Clinton Peake

Personal information
- Full name: Clinton John Peake
- Born: 25 March 1977 (age 49) Geelong, Victoria, Australia
- Batting: Left-handed
- Bowling: Slow left-arm orthodox
- Role: Batsman
- Relations: Oliver Peake (son)

Domestic team information
- 1995/96–2000/01: Victoria
- First-class debut: 24 November 1995 Victoria v Pakistan
- Last First-class: 4 January 2001 Victoria v Western Australia
- List A debut: 10 December 1995 Victoria v Tasmania
- Last List A: 16 January 2001 Victoria v Western Australia

Career statistics
| Competition | First-class | List A |
| Matches | 9 | 5 |
| Runs scored | 303 | 24 |
| Batting average | 20.20 | 6.00 |
| 100s/50s | 0/0 | 0/0 |
| Top score | 46 | 14 |
| Balls bowled | 157 | 30 |
| Wickets | 2 | 0 |
| Bowling average | 53.00 | – |
| 5 wickets in innings | 0 | – |
| 10 wickets in match | 0 | – |
| Best bowling | 1/11 | – |
| Catches/stumpings | 7/0 | 2/0 |
- Source: CricketArchive, 5 November 2011

= Clinton Peake =

Australian cricketer (born 1977)

Clinton John Peake (born 25 March 1977 in Geelong, Victoria) is a former Australian first-class cricketer.

In his early career, Peake, a batsman, was selected as part of the Australian under-19s cricket team, which he captained in the 1994/95 season at 17 years of age. He scored 304 against Indian Youth in a match in Melbourne that season, the highest score in a U19 international match.
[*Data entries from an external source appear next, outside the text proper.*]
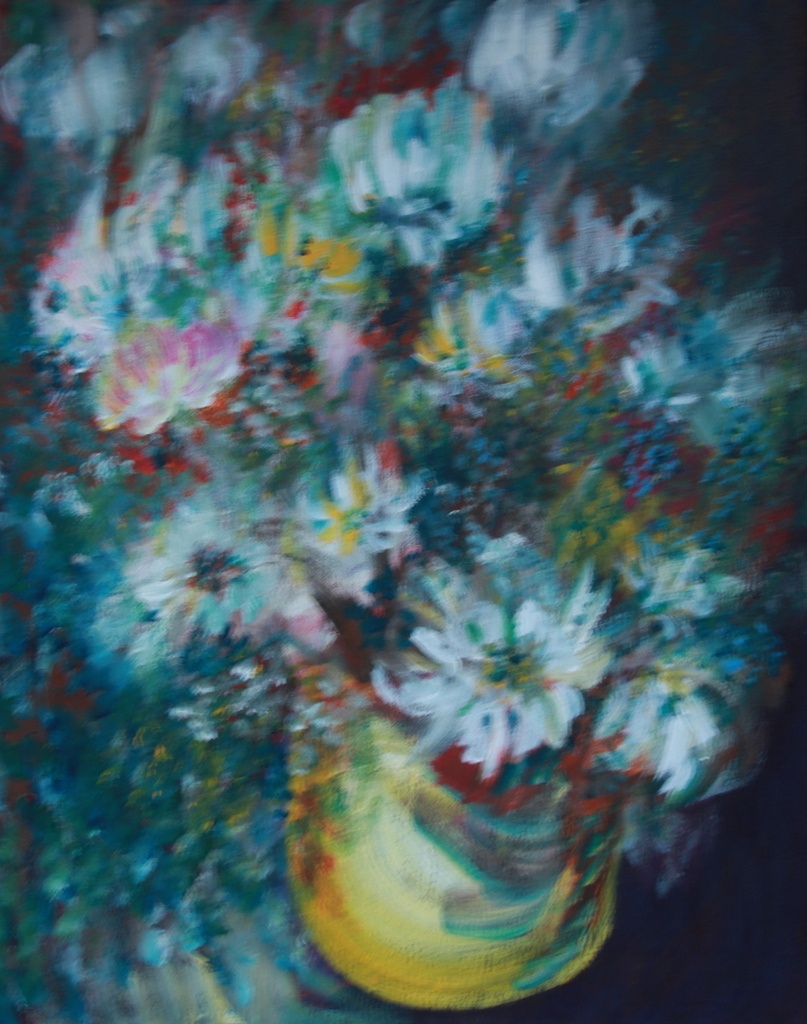 bloemen als opgaande streepjes wat in het geheel een bos in pot vormt
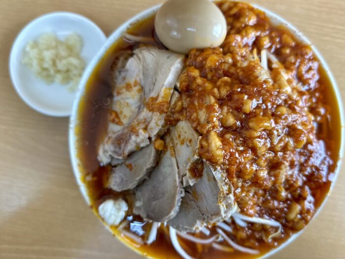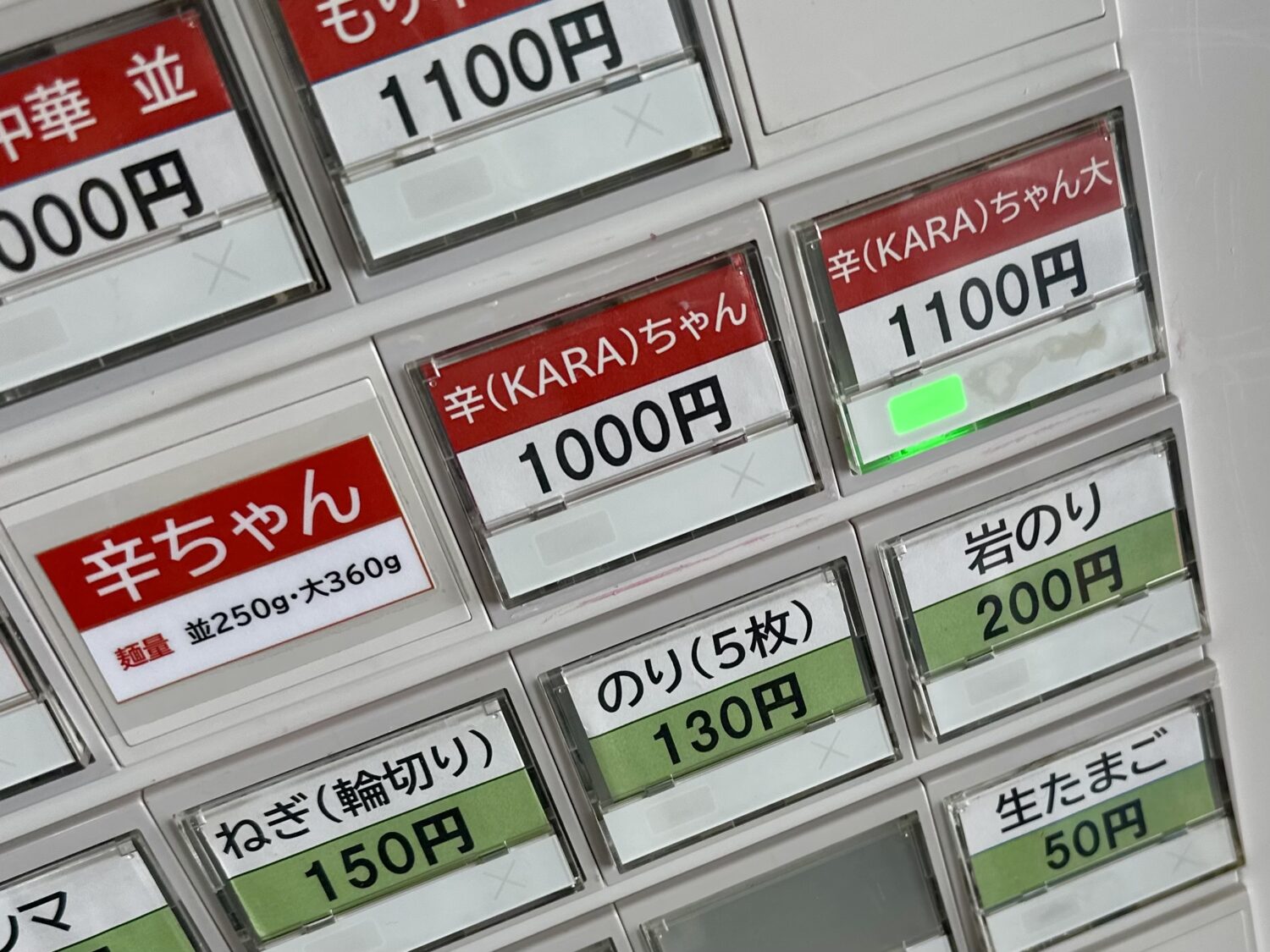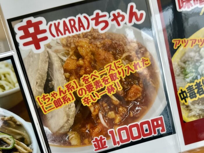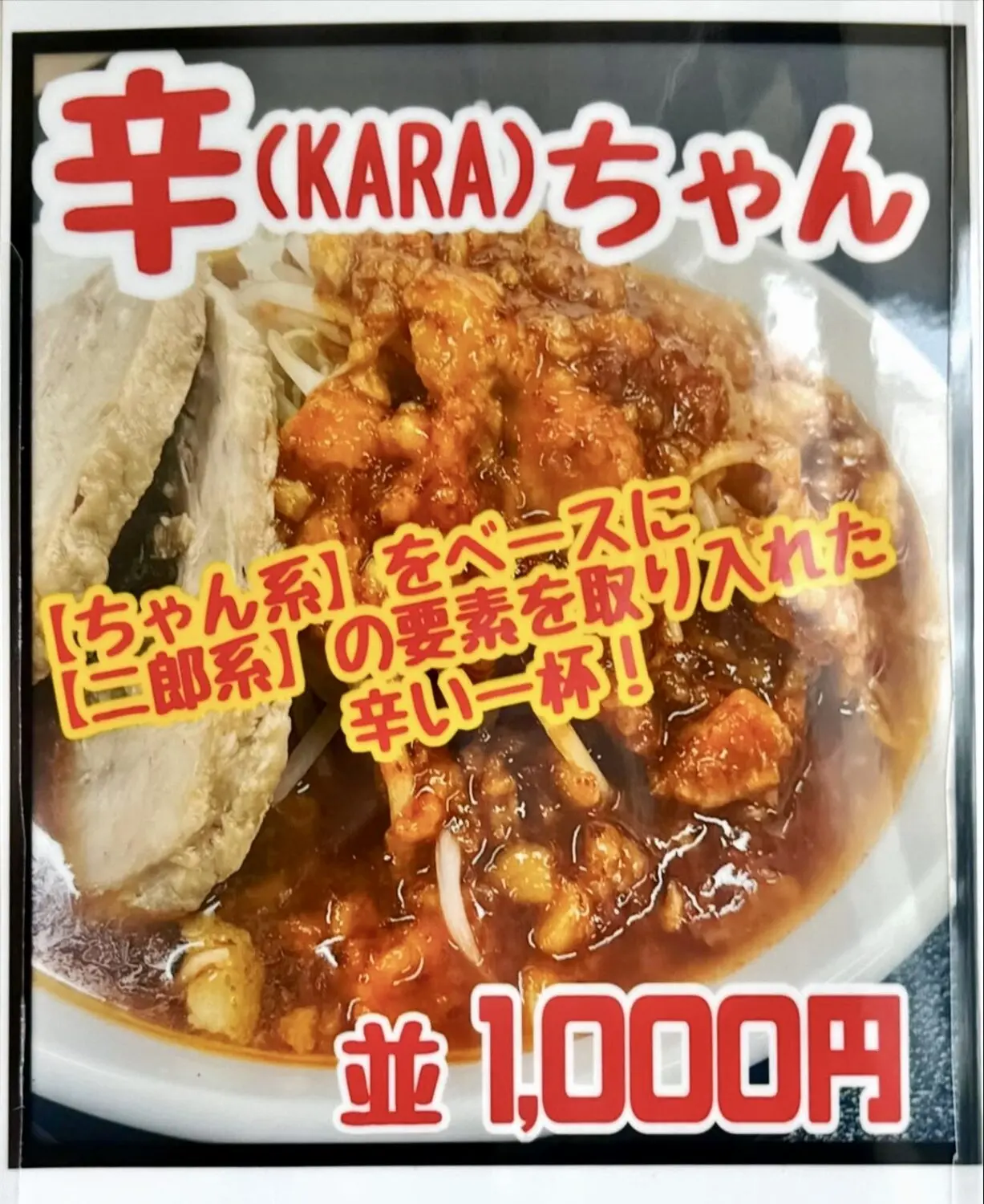 その名も【辛(KARA)ちゃん・大】税込1,100円、「ちゃん系×二郎系」がテーマのいわゆる二郎ちゃん、いやチャン・二郎か。
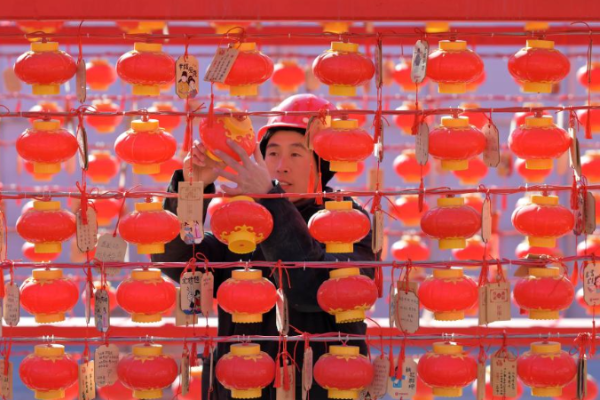 Dilansir dari People Daily China Rabu (24/01/24),Orang-orang memasang dekorasi di area indah menjelang Tahun Baru Imlek mendatang di Distrik Fengnan, Tangshan, Provinsi Hebei, Tiongkok utara.
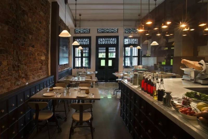 为了体现意大利的丰富多彩,菜单和餐厅环境都采用了具有地方特色的装饰,还特别提供用正宗的木材烤炉烘烤的那不勒斯披萨。剥落的红砖内墙,古老的门窗装饰,在一个现代化的城市空间里,我们仿佛被带回了过去的时光。
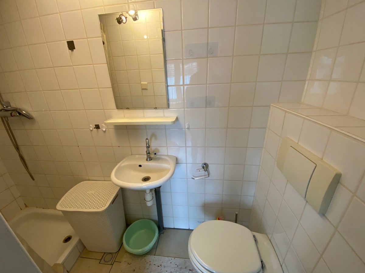 Deze studio is voorzien van eigen douche, toilet en wastafel.
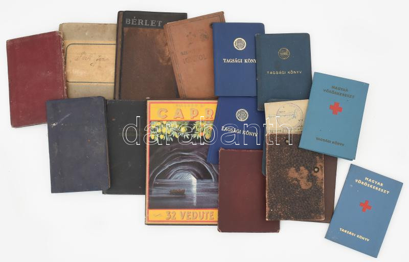 Vegyes igazolványok, tagsági könyvek, közte két üres tok és egy Capri képes leporelló is, össz. 17 db
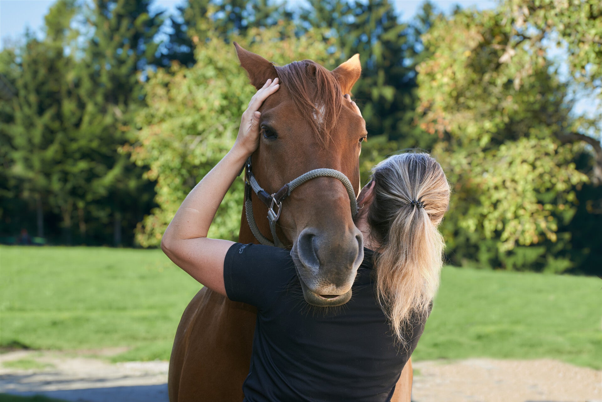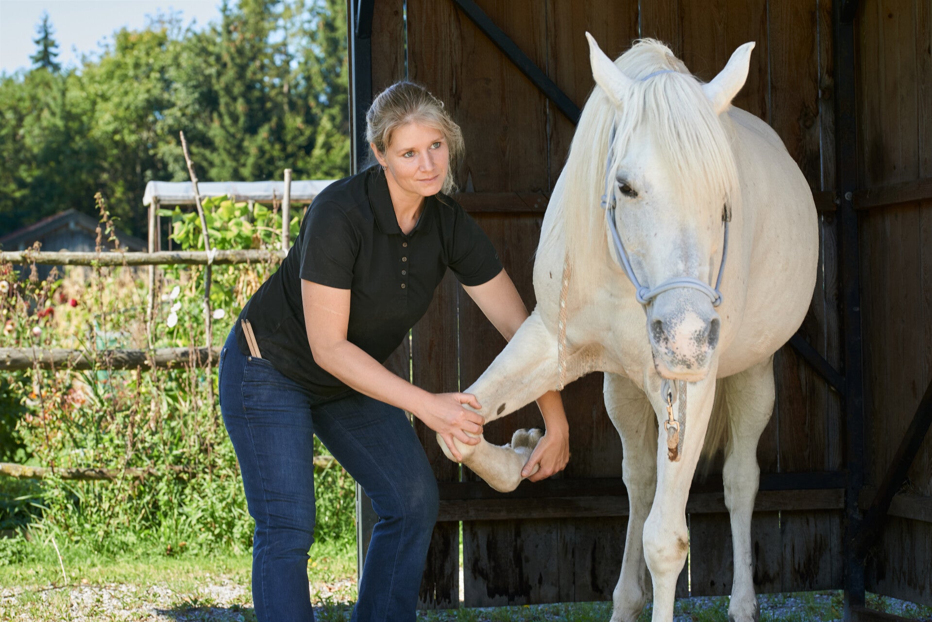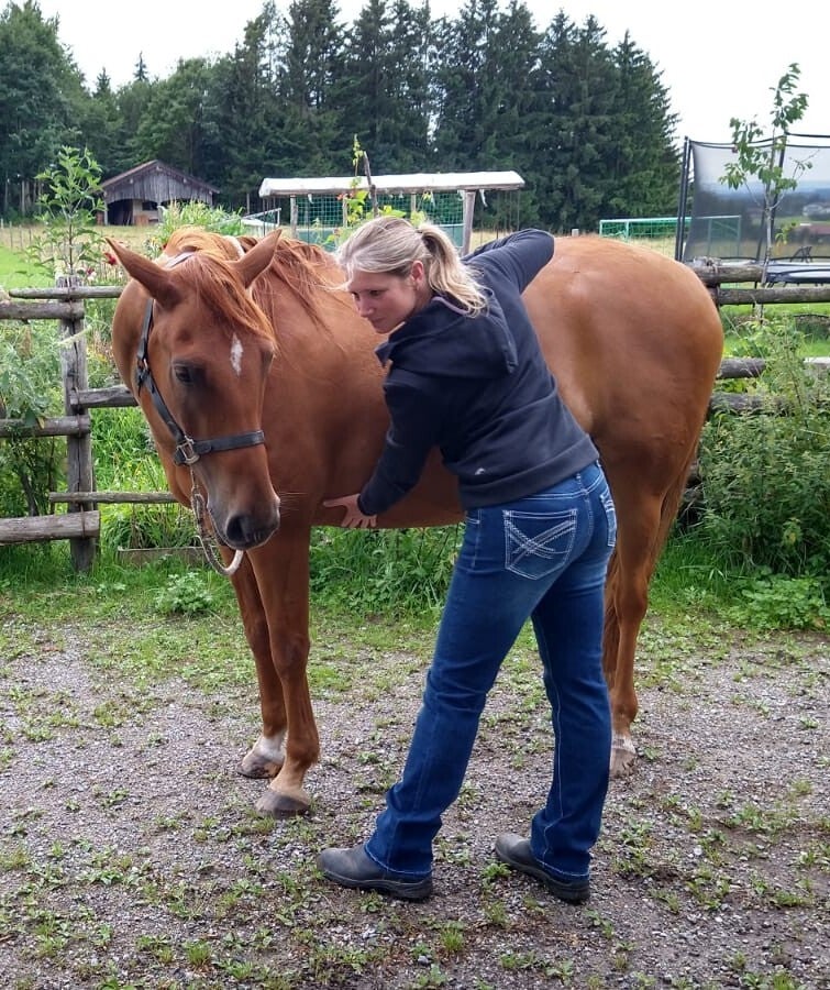 Dehnungs- und Massagetechniken runden die Behandlung ab, die auch als Weiterbehandlung durch den Pferdebesitzer möglich sind.
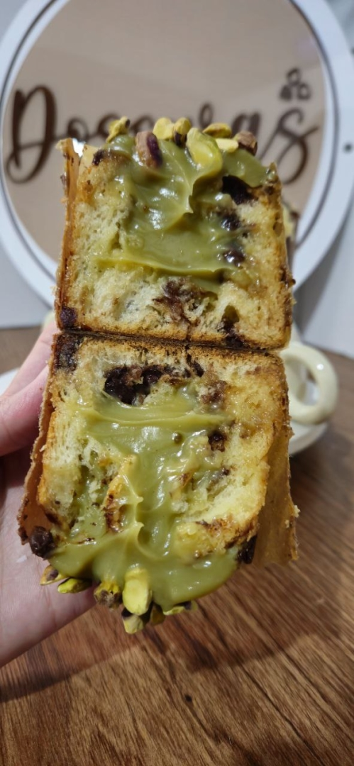 Panetone de baunilha com gotas de chocolate e recheio de pistache cremoso. Um sabor autêntico que veio pra ficar, se ainda não experimentou, não perca a oportunidade.
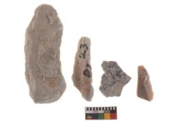 | Description / विवरण | There are n 4 utilized worked flakes; they show multidirectional irregular scar pattern on both dorsal and ventral face of the flakes.Three are tapering at one end and all are having sharp edges. All vary in shape and size. |
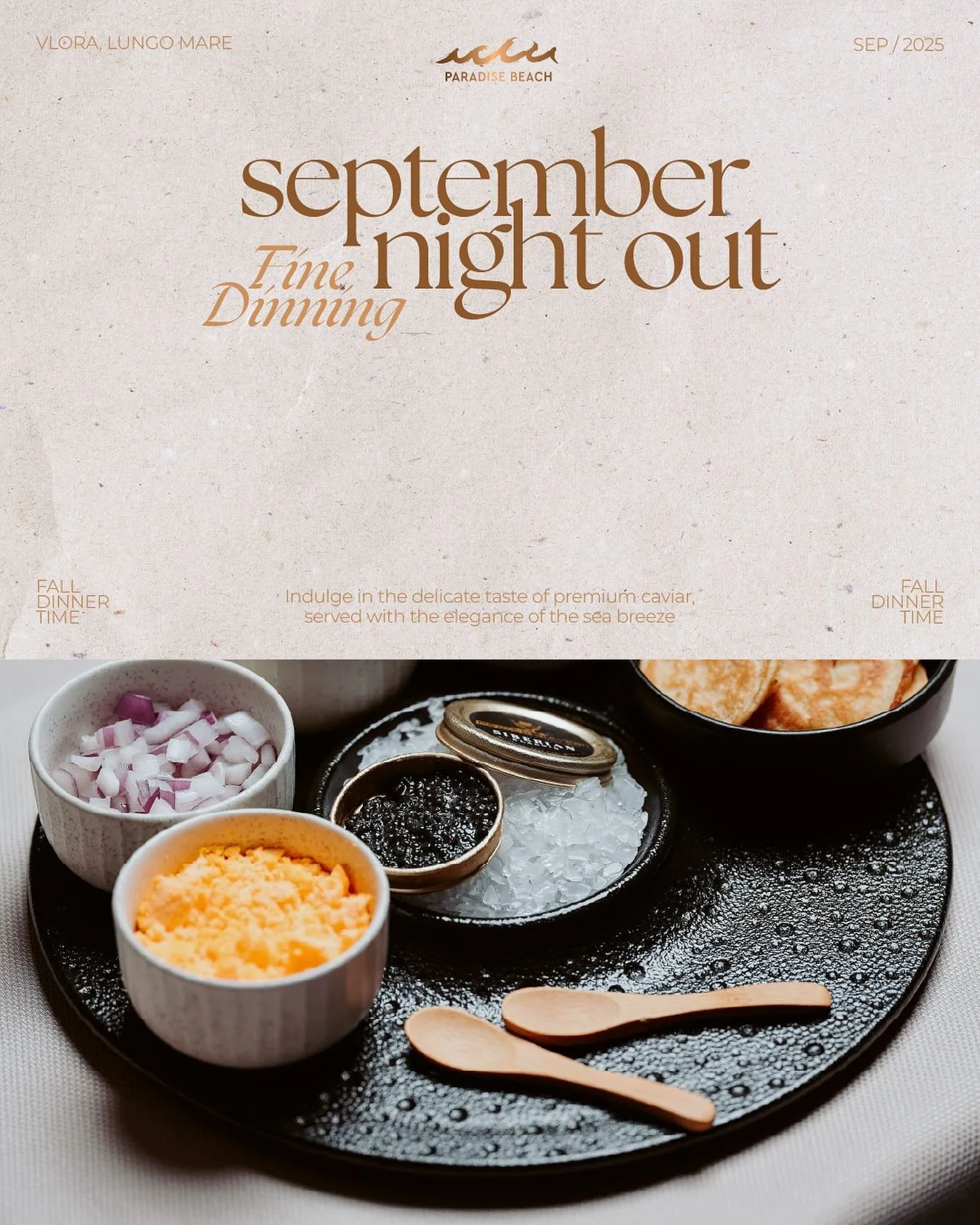 With more than 27 years of experience, Paradise Beach Restaurant has been a beloved culinary destination in Vlorë, proudly being one of the first restaurants in the area. We serve an exquisite Mediterranean menu featuring fresh local seafood, juicy dry-aged meat, and delicious cocktails. Our attentive service and stunning seaside location on Vlorë's busiest street create the perfect setting for a memorable dining experience.
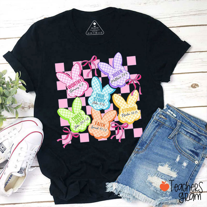 Bunny Checkered Quotes Easter Day Teacher T-Shirt
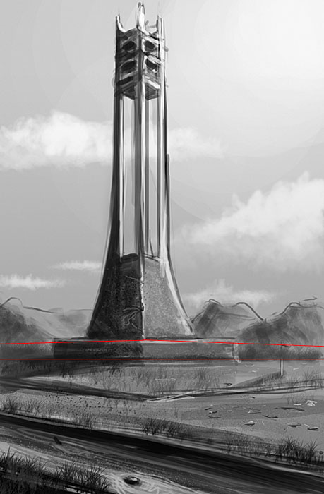 No tengo mucha idea de perspectiva, pero, creo que viendo dónde están los puntos de fuga de la torre y la línea del horizonte hay un pequeño error en la base. Como explicándolo tardaría mucho, he hecho unas líneas sobre tu dibujo, espero que no te moleste.

In the 1995/96 season, Peake made his first-class debut with the Victorian Bushrangers at just 18 years of age. He played six matches (and one List A match) but did not live up to the potential of his under-19s performances and was soon dropped. He did not play a Sheffield Shield match in 1996/97, with only one List A performance to his name.

Peake then spent three seasons in the wilderness before returning to the Bushrangers in the 1999/2000 season, still only 22 years of age. He played one first-class match that season, where he again failed, making scores of 1 and 4. He was retained for 2000/01, but again struggled, averaging 6.33 with the bat over three one-day matches, and 17.66 in four first-class innings.

These performances effectively ended his first-class career, and he headed back to his hometown of Geelong to play for the Geelong Cricket Club in Victorian Premier Cricket.

==Personal life==
Peake works in Geelong as a taxation adviser, specialising in assisting farmers and family businesses. His son Oliver Peake made his debut as a cricketer for Victoria in 2024-25.